To do:
What is needed is an exact copy of the whole listing below, with no pictures.

Data block:
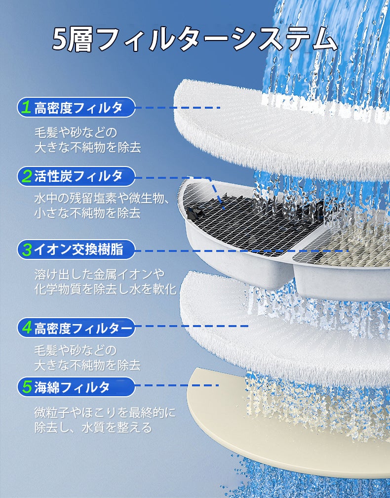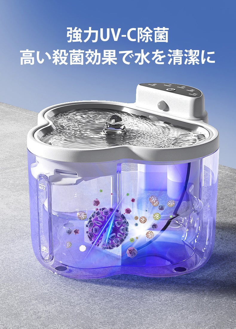 99.9%の細菌を除去するUV-C除菌機能と、毛髪や微粒子を徹底的に取り除く5層フィルターシステムにより、常に清潔で安全な水をペットが飲める環境を整えます。
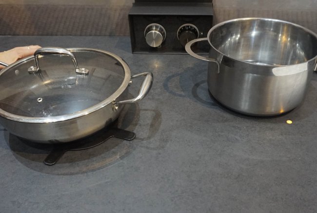 Le plan de travail ultra-compact en Dekton, est résistant aux rayures et à la chaleur. Cependant Gaggenau propose plusieurs accessoires de protection aimantés. Ces protecteurs de surface se collent sous la casserolerie. Ils permettent de pouvoir déplacer en silence les ustensiles, et favorise la détection par les inducteurs.
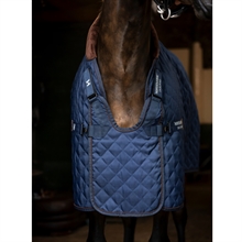 Den smarta bib-frontknäppningen reducerar tryckpunkter vid bringa och skuldror och ger hästen frihet att naturligt sänka halsen – till exempel när den äter. Två kryssgjordar säkerställer att täcket ligger stabilt, medan den praktiska svansremmen är lätt att rengöra.

Output of the exercise:
 99.9%の細菌を除去するUV-C除菌機能と、毛髪や微粒子を徹底的に取り除く5層フィルターシステムにより、常に清潔で安全な水をペットが飲める環境を整えます。
 Le plan de travail ultra-compact en Dekton, est résistant aux rayures et à la chaleur. Cependant Gaggenau propose plusieurs accessoires de protection aimantés. Ces protecteurs de surface se collent sous la casserolerie. Ils permettent de pouvoir déplacer en silence les ustensiles, et favorise la détection par les inducteurs.
 Den smarta bib-frontknäppningen reducerar tryckpunkter vid bringa och skuldror och ger hästen frihet att naturligt sänka halsen – till exempel när den äter. Två kryssgjordar säkerställer att täcket ligger stabilt, medan den praktiska svansremmen är lätt att rengöra.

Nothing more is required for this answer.